Supplied information:
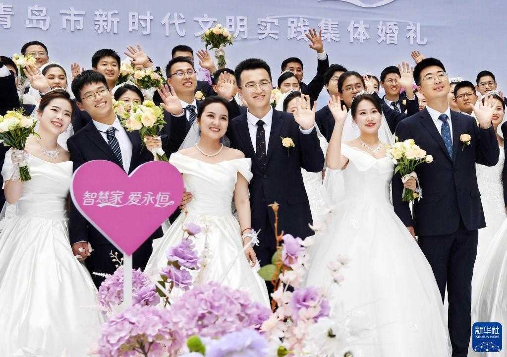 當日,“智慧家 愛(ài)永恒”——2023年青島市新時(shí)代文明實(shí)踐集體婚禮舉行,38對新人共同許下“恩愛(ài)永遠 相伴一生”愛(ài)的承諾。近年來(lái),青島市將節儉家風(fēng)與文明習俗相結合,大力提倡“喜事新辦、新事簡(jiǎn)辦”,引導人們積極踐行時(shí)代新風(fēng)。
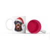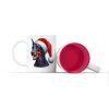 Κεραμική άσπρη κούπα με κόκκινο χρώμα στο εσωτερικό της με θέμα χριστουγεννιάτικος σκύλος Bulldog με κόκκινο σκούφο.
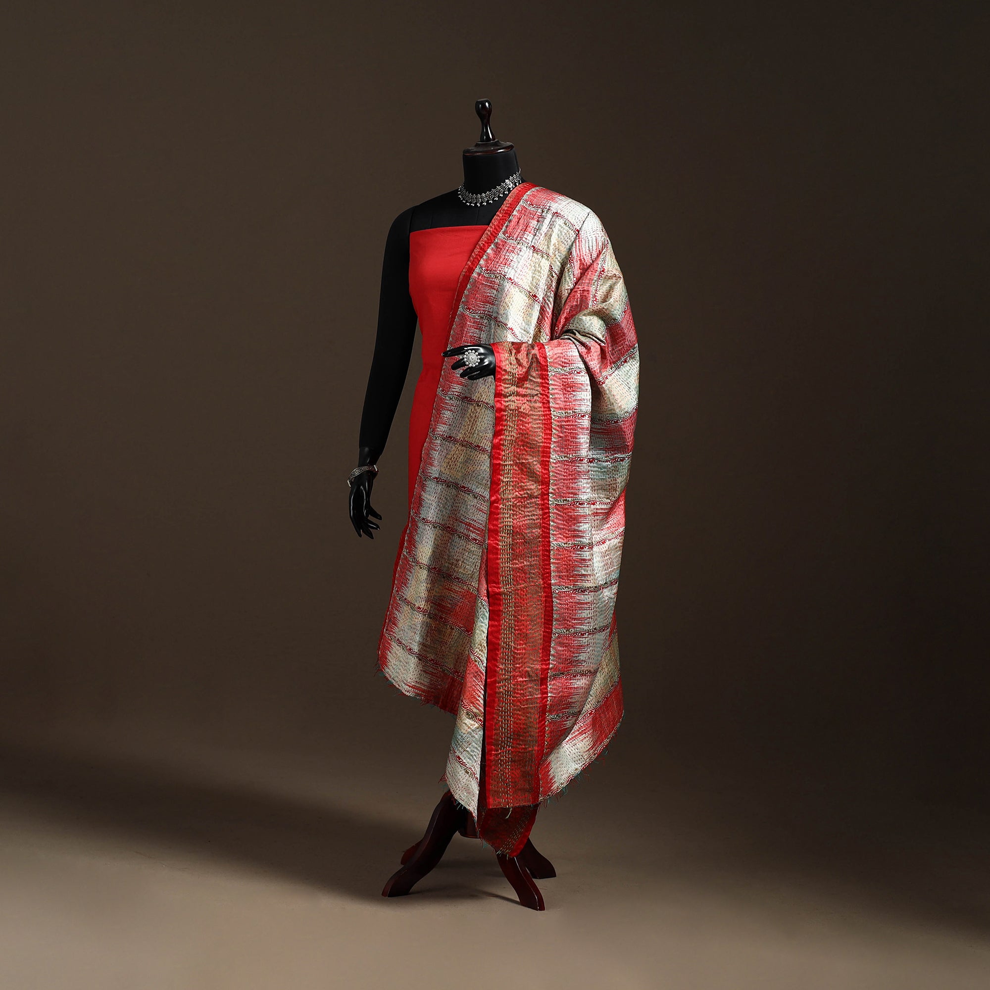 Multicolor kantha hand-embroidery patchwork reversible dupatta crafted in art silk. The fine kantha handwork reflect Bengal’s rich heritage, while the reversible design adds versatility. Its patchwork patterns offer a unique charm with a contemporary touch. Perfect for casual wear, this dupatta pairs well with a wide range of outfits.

Your task: The data must come back word for word, with every picture removed.

Written answer:
 當日,“智慧家 愛(ài)永恒”——2023年青島市新時(shí)代文明實(shí)踐集體婚禮舉行,38對新人共同許下“恩愛(ài)永遠 相伴一生”愛(ài)的承諾。近年來(lái),青島市將節儉家風(fēng)與文明習俗相結合,大力提倡“喜事新辦、新事簡(jiǎn)辦”,引導人們積極踐行時(shí)代新風(fēng)。
 Κεραμική άσπρη κούπα με κόκκινο χρώμα στο εσωτερικό της με θέμα χριστουγεννιάτικος σκύλος Bulldog με κόκκινο σκούφο.
 Multicolor kantha hand-embroidery patchwork reversible dupatta crafted in art silk. The fine kantha handwork reflect Bengal’s rich heritage, while the reversible design adds versatility. Its patchwork patterns offer a unique charm with a contemporary touch. Perfect for casual wear, this dupatta pairs well with a wide range of outfits.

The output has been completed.